§ SUPPLIED DATA:
☆ ☆ ☆
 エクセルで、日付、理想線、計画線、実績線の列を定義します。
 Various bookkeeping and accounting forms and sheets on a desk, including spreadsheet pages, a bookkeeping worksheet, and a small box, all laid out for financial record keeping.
☆ ☆ ☆
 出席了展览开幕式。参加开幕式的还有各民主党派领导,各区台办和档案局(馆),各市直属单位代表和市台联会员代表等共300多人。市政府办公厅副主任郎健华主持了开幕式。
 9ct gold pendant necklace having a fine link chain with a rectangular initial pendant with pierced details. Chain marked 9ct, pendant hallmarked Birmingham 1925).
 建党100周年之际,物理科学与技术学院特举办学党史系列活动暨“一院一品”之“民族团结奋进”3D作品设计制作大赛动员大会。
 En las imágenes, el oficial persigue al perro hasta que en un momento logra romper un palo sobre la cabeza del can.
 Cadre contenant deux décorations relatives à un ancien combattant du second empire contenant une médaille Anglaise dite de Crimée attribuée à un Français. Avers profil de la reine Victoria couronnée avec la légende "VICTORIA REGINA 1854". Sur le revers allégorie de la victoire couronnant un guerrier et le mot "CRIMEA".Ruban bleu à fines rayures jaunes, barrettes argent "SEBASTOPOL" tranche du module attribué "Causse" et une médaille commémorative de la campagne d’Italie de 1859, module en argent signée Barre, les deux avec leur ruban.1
☆ ☆ ☆
§ THE PROBLEM: Using the entries above, repeat only the lines from the one containing "エクセルで、日付、理想線、計画線、実績線の列を定義します。" through the one containing "Various bookkeeping and", end lines included.

§ WORKED SOLUTION:
 エクセルで、日付、理想線、計画線、実績線の列を定義します。
 Various bookkeeping and accounting forms and sheets on a desk, including spreadsheet pages, a bookkeeping worksheet, and a small box, all laid out for financial record keeping.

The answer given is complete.